[MATERIAL FOR THIS TASK]
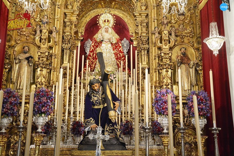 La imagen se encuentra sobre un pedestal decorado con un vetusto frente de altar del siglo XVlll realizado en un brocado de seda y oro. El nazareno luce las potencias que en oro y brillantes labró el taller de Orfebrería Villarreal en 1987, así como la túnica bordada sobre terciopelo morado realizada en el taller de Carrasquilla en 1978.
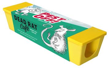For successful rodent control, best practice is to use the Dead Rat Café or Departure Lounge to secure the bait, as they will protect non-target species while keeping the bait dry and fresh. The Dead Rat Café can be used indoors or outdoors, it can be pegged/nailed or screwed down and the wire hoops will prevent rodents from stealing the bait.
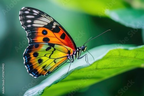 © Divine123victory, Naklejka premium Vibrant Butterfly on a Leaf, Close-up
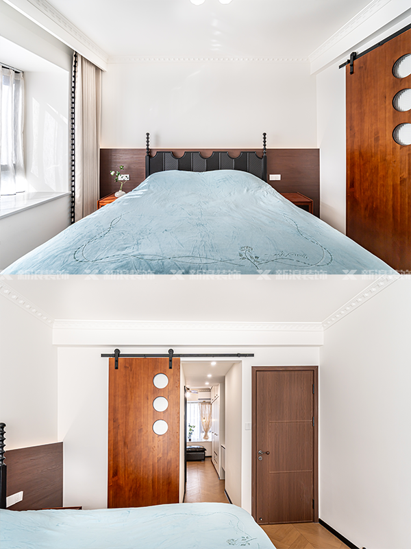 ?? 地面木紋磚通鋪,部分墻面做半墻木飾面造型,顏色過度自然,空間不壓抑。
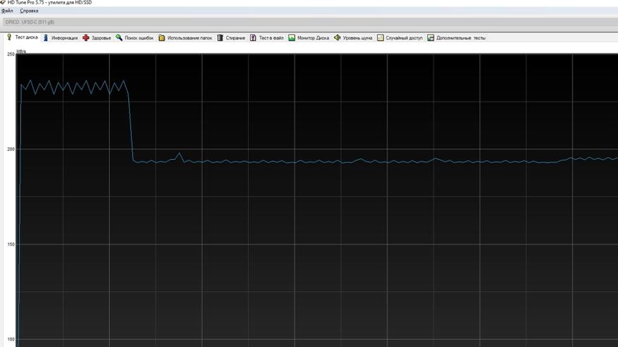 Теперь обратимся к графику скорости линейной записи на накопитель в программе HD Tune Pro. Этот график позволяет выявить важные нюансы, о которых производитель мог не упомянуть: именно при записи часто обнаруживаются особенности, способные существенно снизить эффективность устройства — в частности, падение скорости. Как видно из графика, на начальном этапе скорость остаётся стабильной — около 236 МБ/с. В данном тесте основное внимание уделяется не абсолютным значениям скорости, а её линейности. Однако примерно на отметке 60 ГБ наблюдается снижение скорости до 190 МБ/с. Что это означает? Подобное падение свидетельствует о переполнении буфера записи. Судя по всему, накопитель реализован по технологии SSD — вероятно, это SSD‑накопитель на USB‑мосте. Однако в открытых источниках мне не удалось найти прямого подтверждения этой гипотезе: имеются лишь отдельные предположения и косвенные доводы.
[/MATERIAL FOR THIS TASK]
**WORK INSTRUCTIONS**
Copy exactly, with no pictures, the lines from the line containing "For successful rodent" through the last line of the records above.

**ANSWER TO THIS PROBLEM**
For successful rodent control, best practice is to use the Dead Rat Café or Departure Lounge to secure the bait, as they will protect non-target species while keeping the bait dry and fresh. The Dead Rat Café can be used indoors or outdoors, it can be pegged/nailed or screwed down and the wire hoops will prevent rodents from stealing the bait.
 © Divine123victory, Naklejka premium Vibrant Butterfly on a Leaf, Close-up
 ?? 地面木紋磚通鋪,部分墻面做半墻木飾面造型,顏色過度自然,空間不壓抑。
 Теперь обратимся к графику скорости линейной записи на накопитель в программе HD Tune Pro. Этот график позволяет выявить важные нюансы, о которых производитель мог не упомянуть: именно при записи часто обнаруживаются особенности, способные существенно снизить эффективность устройства — в частности, падение скорости. Как видно из графика, на начальном этапе скорость остаётся стабильной — около 236 МБ/с. В данном тесте основное внимание уделяется не абсолютным значениям скорости, а её линейности. Однако примерно на отметке 60 ГБ наблюдается снижение скорости до 190 МБ/с. Что это означает? Подобное падение свидетельствует о переполнении буфера записи. Судя по всему, накопитель реализован по технологии SSD — вероятно, это SSD‑накопитель на USB‑мосте. Однако в открытых источниках мне не удалось найти прямого подтверждения этой гипотезе: имеются лишь отдельные предположения и косвенные доводы.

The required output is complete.